The time taken to earn Rs. 1 crore varies greatly and depends on various factors like the investor’s profession, investments, salary, and business ventures. For example, someone who earns more will touch this milestone at a far greater pace than someone having a relatively lower income. Additionally, a wise investment earning good returns accelerates the path to reach Rs one crore substantially. Conversely, with savings without any remarkable investment growth, it might take longer. There are no fixed timeframes; it is a subjective matter and depends solely on the circumstances of the individual.

How many Indians earn 1 CR per year?

The percentage of Indians earning Rs one crore or more annually is negligible and comprises industrialists, top corporate executives, and leading legal, medical and financial professionals. However, there is no specific figure available on this.

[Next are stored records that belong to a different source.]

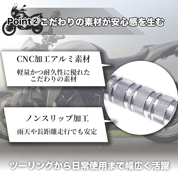 ✅【耐久性 操作性!アルミステップ】こちらのバイクステップはお好みのステップ位置に調整が可能です。またCNC加工アルミ素材により軽量かつ耐久性に優れています。表面にノンスリップ加工を施し、雨天や長距離走行でも安定感を確保。堅牢な設計でツーリングから日常使用まで幅広く活躍します。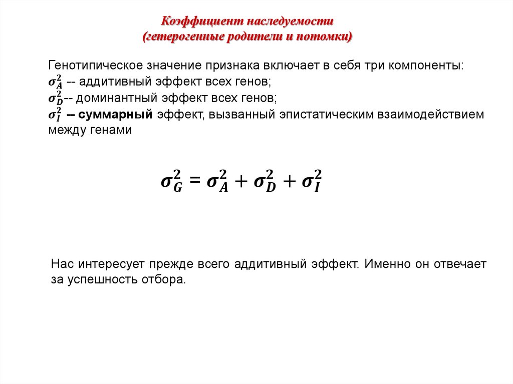 Коэффициент наследуемости (h2) -- показатель, выражающий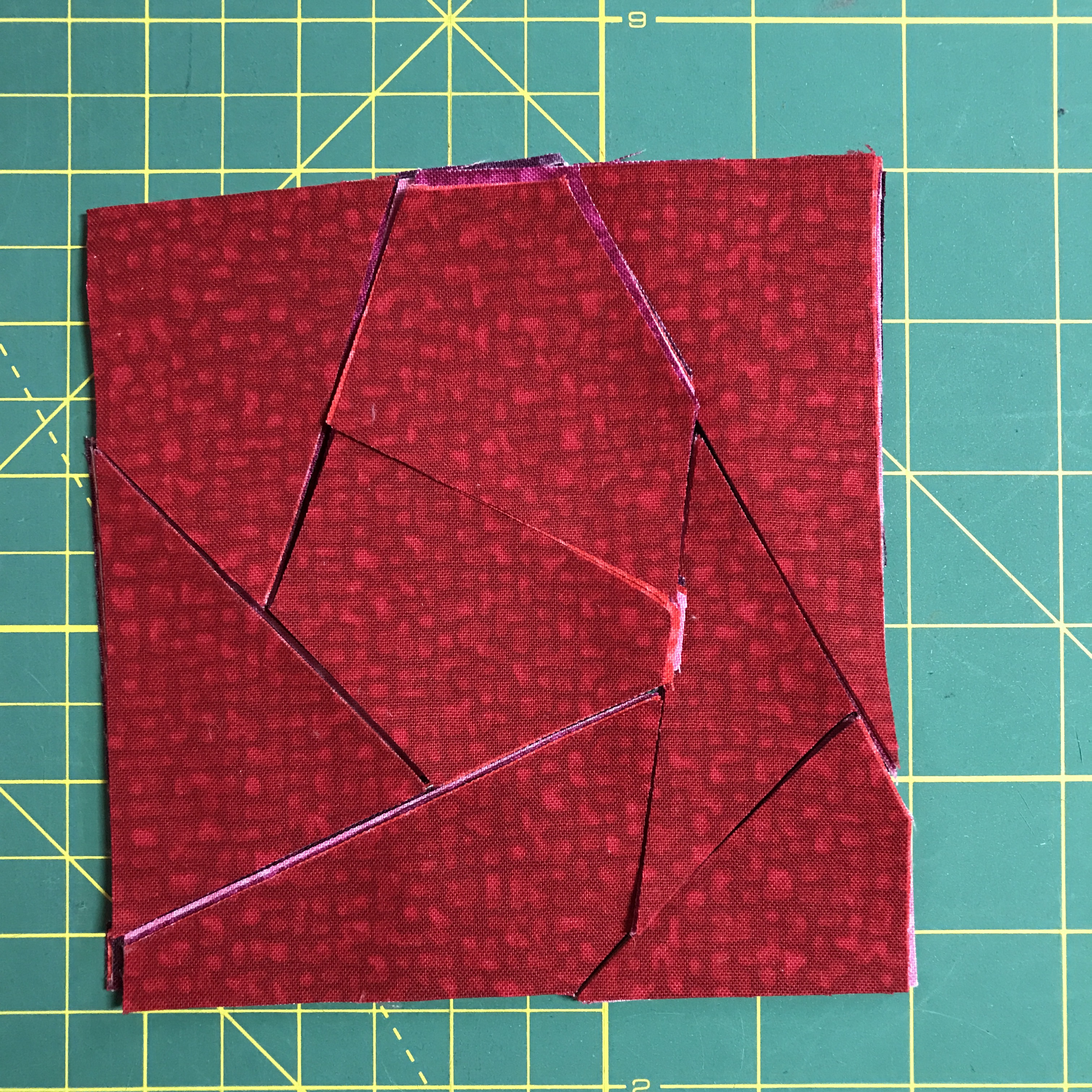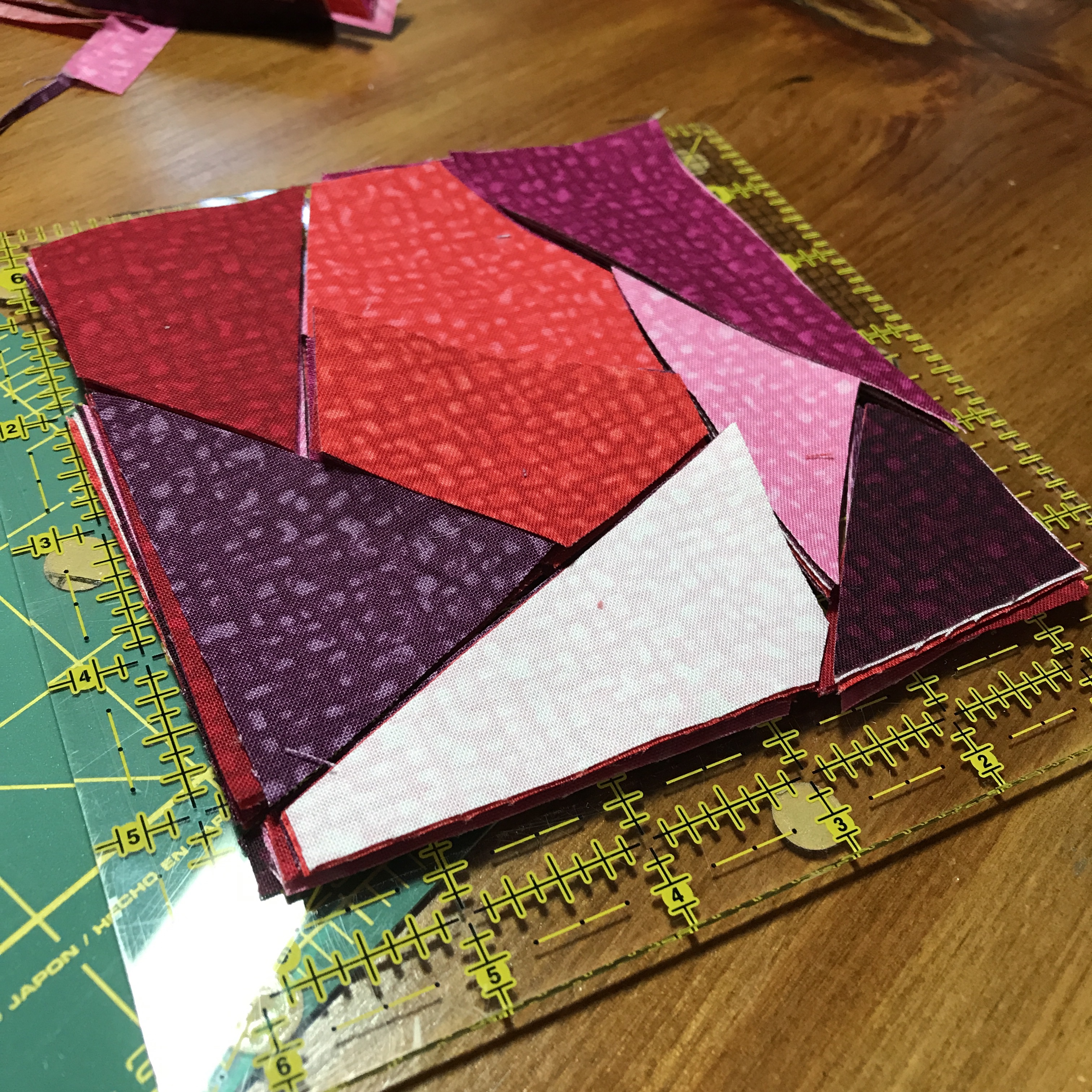 …which I found to be a great way to begin to learn how to construct crazy quilts. The concept is that you stack your fabrics, make cuts, then re-arrange the order in each little ‘deck’…next, take the each new layer and lay them out to become a block.

Can I earn 1 crore in 10 years?

Yes, but it depends on your career path, profession, financial discipline, and investments. The approaches for consideration are: high-income professions, successful business ownerships, appropriate investing, financial discipline, continuous learning & growth, and discipline, commitment, effort and right strategy.

Is it hard to earn 1 crore?

Yes, it could be challenging, but not impossible. It depends largely on several factors like your skills, profession, financial discipline, economic environment, and investments. The main considerations are: income level, career growth, the ability to make appropriate investments, saving consistently, and patience.

What is the rich class income in India?

The top 1% of Indian income earners earn nearly 22% of the country’s total income on average. This implies that individuals having incomes in higher percentiles are considered to be wealthy or affluent.

How much to invest in SIP to get 1 crore in 5 years?
To achieve the Rs one crore target in five years through a SIP, one needs to work out the SIP amount required monthly based on his expected return rate.
How to earn 1 crore through mutual funds?

Earning Rs one crore by investing in mutual funds involves regular investing in a disciplined manner over a time period and wisely selecting those funds having the potential of generating the highest returns. The general approach is to set clear goals, regularly invest through SIP, choose the most appropriate equity, debt or hybrid funds, or combinations of these, review and monitor regularly, and remain invested for the long term.